California Income Tax Calculator

Calculate your California state income tax for 2024 using official brackets

Compute California state income tax with the official 2024 graduated brackets (1% to 12.3%), the standard deduction, and the personal exemption credit. Shows taxable income, tax due, effective rate, and the 1% mental-health surcharge. Runs in your browser.

What are California's 2024 income tax brackets?

California has nine brackets ranging from 1% to 12.3%. For single filers they run 1% up to $10,412, then 2%, 4%, 6%, 8%, 9.3% (the big middle band to $349,137), 10.3%, 11.3%, and 12.3% at the top. Married-filing-jointly thresholds are double the single amounts.

California has the most progressive state income tax in the country, with nine brackets from 1 percent up to 12.3 percent — plus a 1 percent surcharge on income over a million dollars. This calculator applies the official 2024 brackets for your filing status, subtracts the standard or itemized deduction, and credits your personal and dependent exemptions.

How it works

California taxes income in nine progressive slices. Taxable income is computed as:

taxable = California AGI − (standard or itemized deduction)
tax     = bracket math on taxable income
        + 1% on taxable income above $1,000,000 (Mental Health Services Tax)
        − exemption credits (per taxpayer + per dependent)
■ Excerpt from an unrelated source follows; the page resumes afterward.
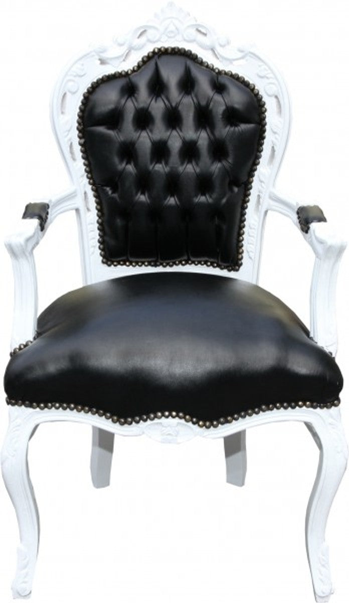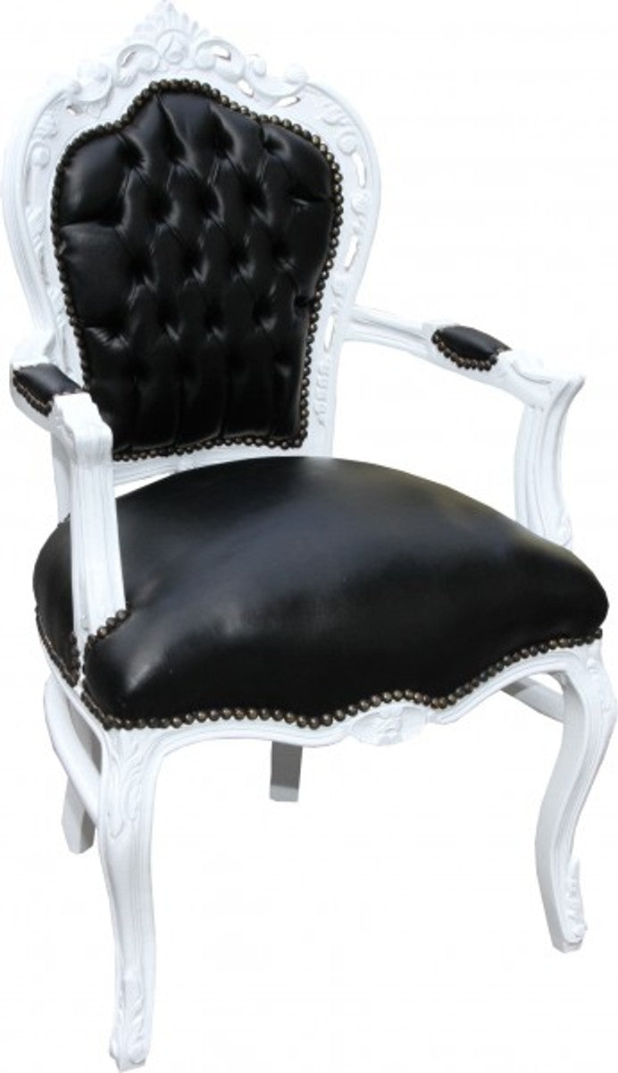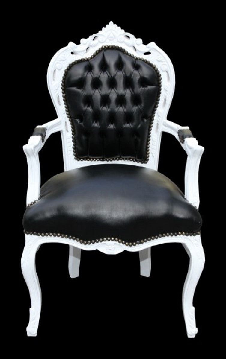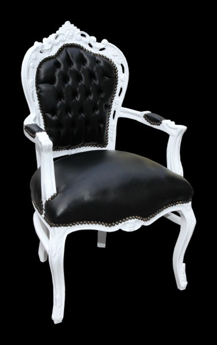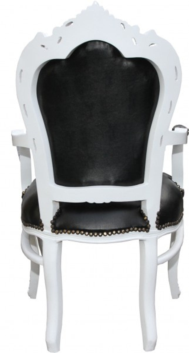 Barock Esszimmerstuhl Schwarz / Weiß Lederoptik mit Armlehnen
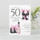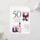 Célébrez le passage à 50 ans avec cette invitation tendance mettant en vedette des escarpins noirs chic de designer avec des nœuds roses coquettes et du champagne rose élégant et sac. Parfait pour une fête d'anniversaire de 50 ans glamour et inoubliable.

For single filers the rates are 1%, 2%, 4%, 6%, 8%, 9.3%, 10.3%, 11.3%, and 12.3%. Married-filing-jointly thresholds are exactly double the single bands. California uses exemption credits — flat dollar amounts subtracted from tax — rather than income exemptions.

Example

A single filer with 120,000 dollars of California AGI takes the 5,363-dollar standard deduction, leaving about 114,637 dollars taxable. The brackets stack up through the 9.3 percent band, producing roughly 7,900 dollars of tax before the ~149-dollar personal exemption credit, for an effective rate near 6.5 percent.

Notes

This estimates only the California state tax on Form 540, not federal tax or FICA. Exemption credits phase out at high incomes and itemized deductions follow California-specific rules that differ from federal. Confirm figures against the Franchise Tax Board (ftb.ca.gov) 540 instructions for your exact situation.